◆ TASK TO COMPLETE
Produce one exact copy of the records, no pictures.

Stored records
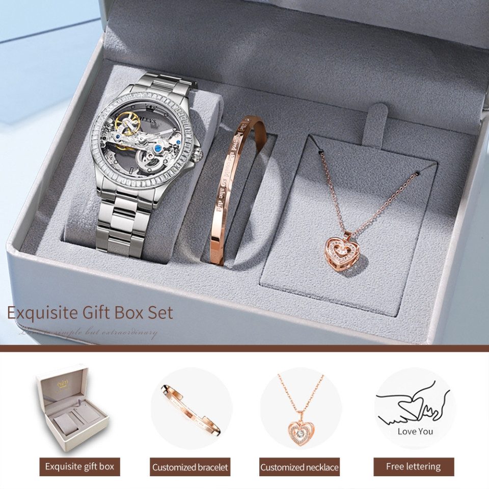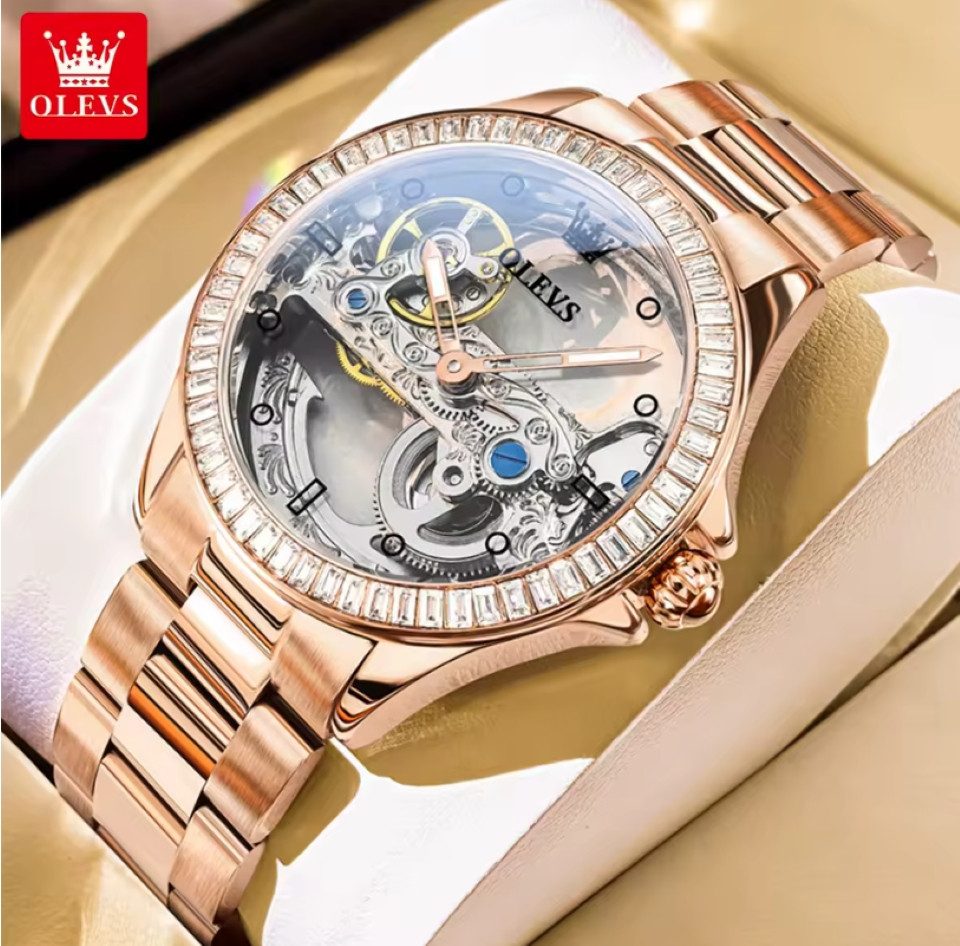 Besondere Merkmale | Skelett Zifferblatt mit offener Unruhe & Diamantenlünette |
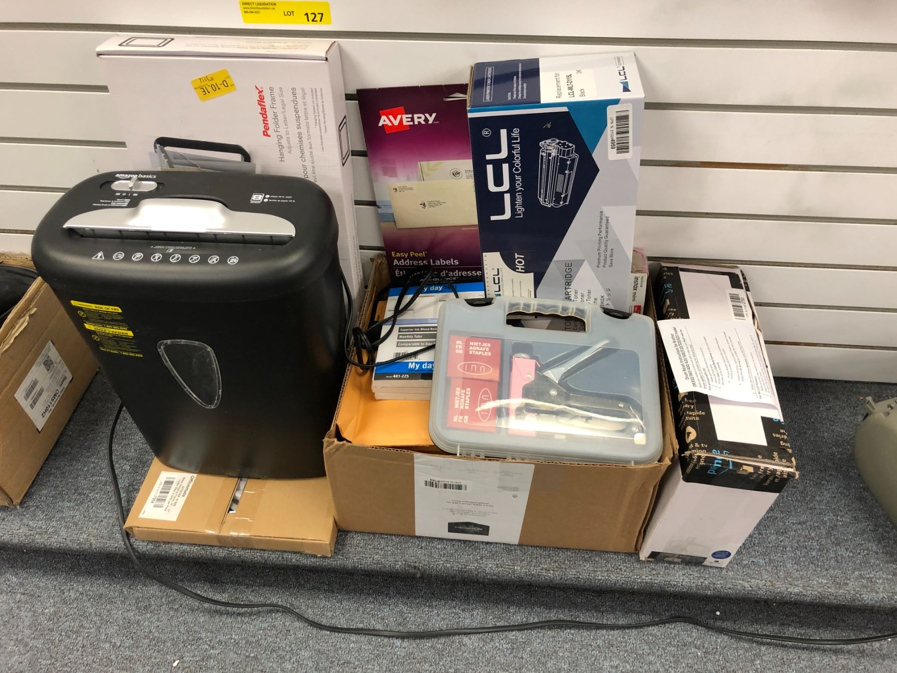 Group lot of Office Items - including paper schreder, labels, toner cartridges, stapler,
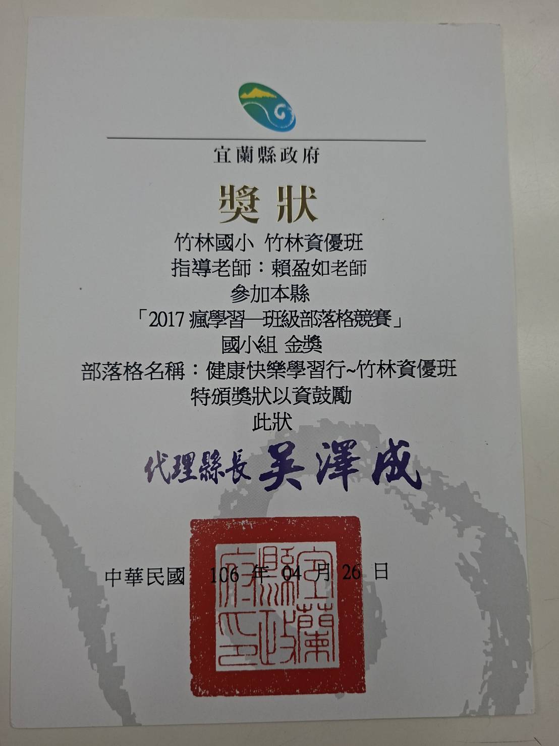 狂賀!榮獲宜蘭縣2017班級部落格競賽-國小組金獎
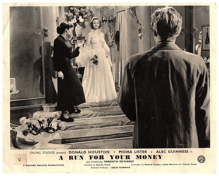 A Run for Your Money Original Lobby Card Donald Houston, Moira Lister, Alec Guinness, Meredith Edwards 1949 Good/VG Condition (pinholes, edge wear) Silver Screen Mementos are pleased to be able to offer this authentic original Lobby Card measuring 8x10 inches. This lobby card is from Great Britain and was printed during the actual year the film was released in movie theaters. The lobby card (also known as Front of House/ FOH card in the UK) was created by the film studios to publicize the movie and was intended for display outside the movie theatre in special glass display boxes. These are NOT reproductions! You are looking at a truly original piece of cinema art, a genuine collector's item. We have a huge archive of over 250,000 original lobby cards, mostly from the 1930's to the 1980's. We will be releasing many more rare gems from our vast collection, which will include lobby cards, original photographs, movie stills, magazines, brochures negatives, transparencies, slides and other collectible items of movie memorabilia.
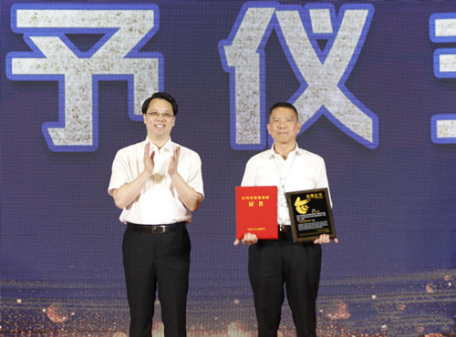 台州市委副书记、代市长张晓强(左)为詹洪良颁奖
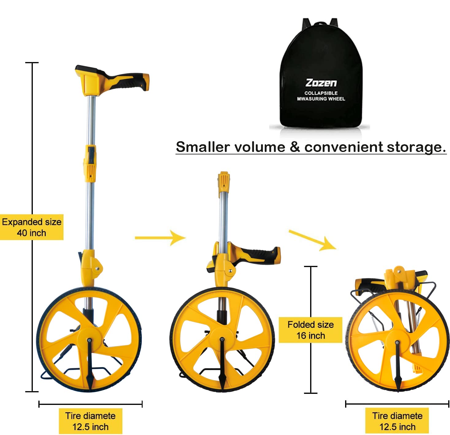 Rueda de medición Zozen con pantalla digital, plegable de 3 secciones, rueda de medición imperial/métrica con pantalla retroiluminada | Hasta 99,999 pies/99,999 m | Soporte para mantener el soporte | Portátil, incluye mochila de tela.

◆ RESPONSE TO THE TASK
 Besondere Merkmale | Skelett Zifferblatt mit offener Unruhe & Diamantenlünette |
 Group lot of Office Items - including paper schreder, labels, toner cartridges, stapler,
 狂賀!榮獲宜蘭縣2017班級部落格競賽-國小組金獎
 A Run for Your Money Original Lobby Card Donald Houston, Moira Lister, Alec Guinness, Meredith Edwards 1949 Good/VG Condition (pinholes, edge wear) Silver Screen Mementos are pleased to be able to offer this authentic original Lobby Card measuring 8x10 inches. This lobby card is from Great Britain and was printed during the actual year the film was released in movie theaters. The lobby card (also known as Front of House/ FOH card in the UK) was created by the film studios to publicize the movie and was intended for display outside the movie theatre in special glass display boxes. These are NOT reproductions! You are looking at a truly original piece of cinema art, a genuine collector's item. We have a huge archive of over 250,000 original lobby cards, mostly from the 1930's to the 1980's. We will be releasing many more rare gems from our vast collection, which will include lobby cards, original photographs, movie stills, magazines, brochures negatives, transparencies, slides and other collectible items of movie memorabilia.
 台州市委副书记、代市长张晓强(左)为詹洪良颁奖
 Rueda de medición Zozen con pantalla digital, plegable de 3 secciones, rueda de medición imperial/métrica con pantalla retroiluminada | Hasta 99,999 pies/99,999 m | Soporte para mantener el soporte | Portátil, incluye mochila de tela.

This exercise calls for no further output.